Похмыкав в сомнениях, он все же вытянул с книжной полки толстенный том «Зиджи джадиди Гурагани»[228] Улугбека[229] – каталог звездного неба, переведенный с фарси на русский язык толмачами Посольского приказа и затем размноженный на Печатном дворе аж до полусотни штук. Добавил сверху «Эфемериды»[230] Региомонтана[231], едва не уронив их себе на ногу. Бухнул все это на стол и, вооружившись парой чертилок и стопкой листов бумаги, предвкушающе потер ладони:
– Полюбопытствуем…
Мало кто знал, но иногда могучего Борея, грозного и всевластного владыку белых пустошей Арктиды, неутомимого и необоримого погонщика туч… и прочая, и прочая, и прочая! Так вот, временами его одолевала скука. Не так чтобы очень часто, все же дел у северного ветра более чем хватало, но иногда он все же позволял себе ненадолго отвлечься и навестить какой-нибудь людской город ради немудреных забав и развлечений. Если был день, то он от души потешался, щипая прохожих за нос и щеки или бросаясь горстями колючего снега. Если же была ночь, то он выл басовитым голосом в дымоходы и печные трубы, наслаждаясь страхом людишек. Еще ему нравилось тоненько посвистывать сквозь щели и неплотно прикрытые двери, притворяясь слабым и безобидным ветерком, вот только мало кто из двуногих муравьев попадался на эту хитрую уловку. Увы!..

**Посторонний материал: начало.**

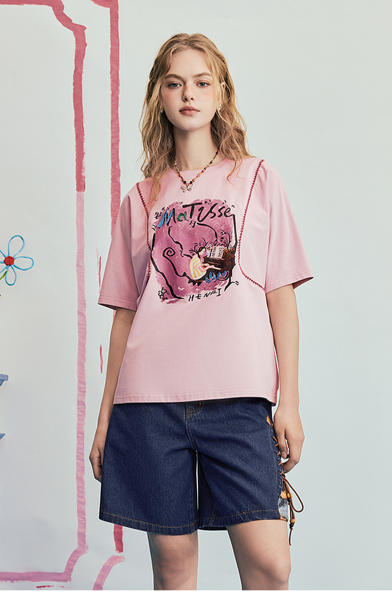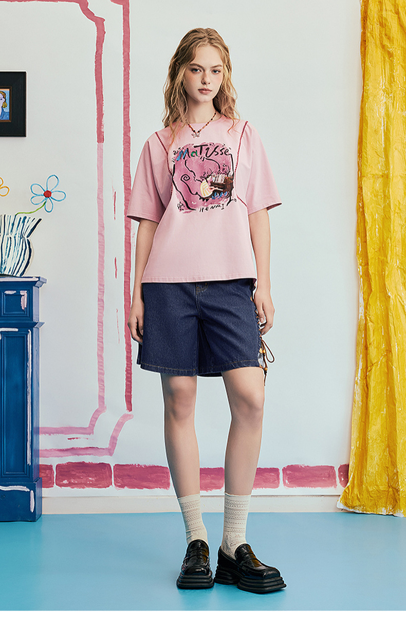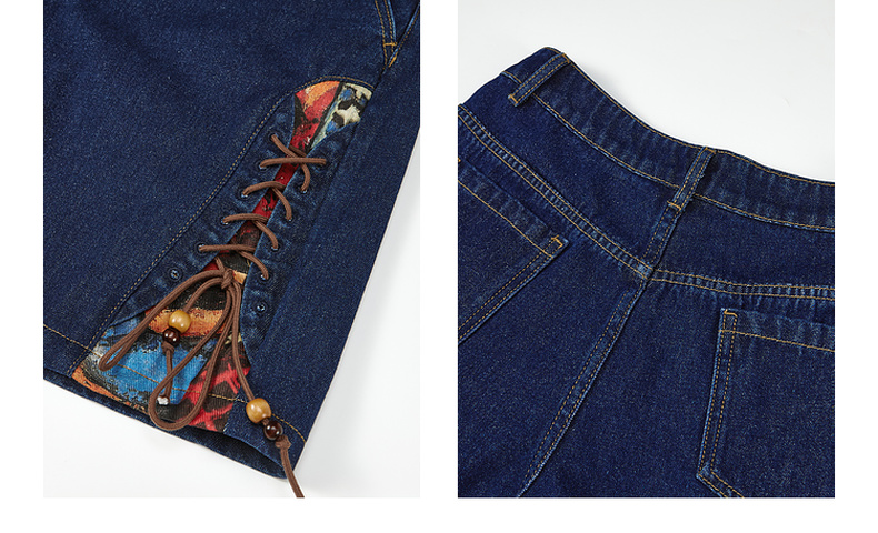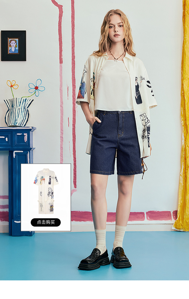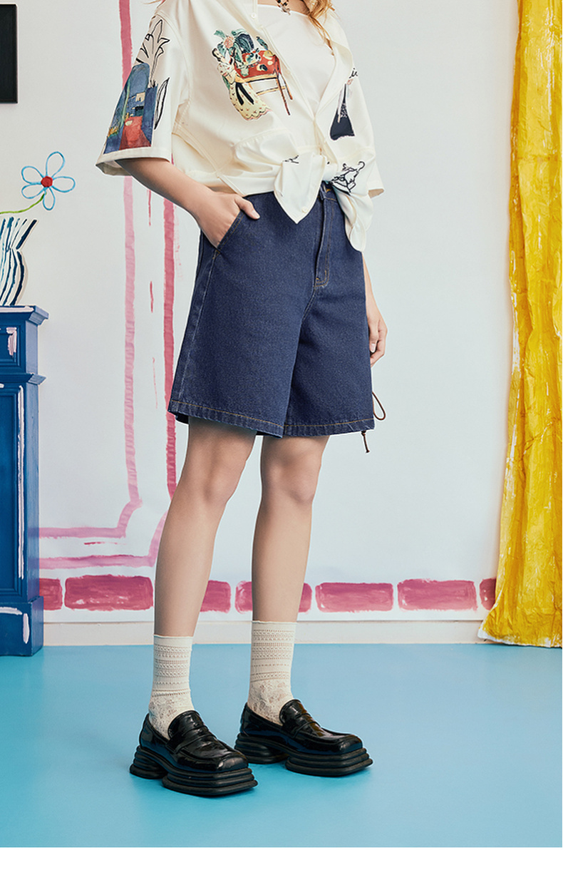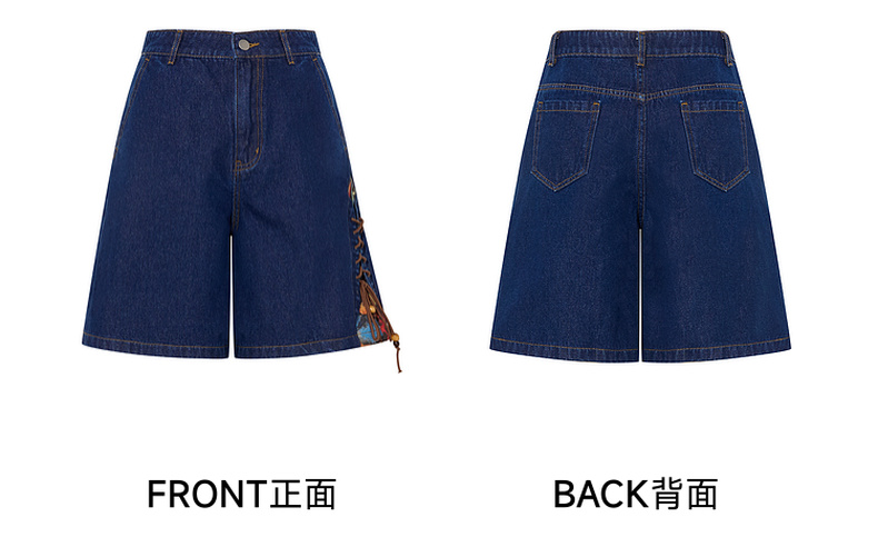 两三事 风漫星野 2025夏季新款休闲印花拼接绑带牛仔裤女宽松

– Доброе утречко, пан Николай.
По причине студеной зимы вообще и раннего времени в частности прохожих на узких улочках Вильно было откровенно мало, и посему Борей поневоле заинтересовался суетой во дворе Большого дворца. Легонько подул, нагоняя стужи, затем дохнул посильнее и удивленно замер: дворня от его дыхания лишь ежилась да куталась в шубы поплотнее, но прекращать свои занятия даже и не думала! Наглость, конечно, но наглость, возбудившая его любопытство…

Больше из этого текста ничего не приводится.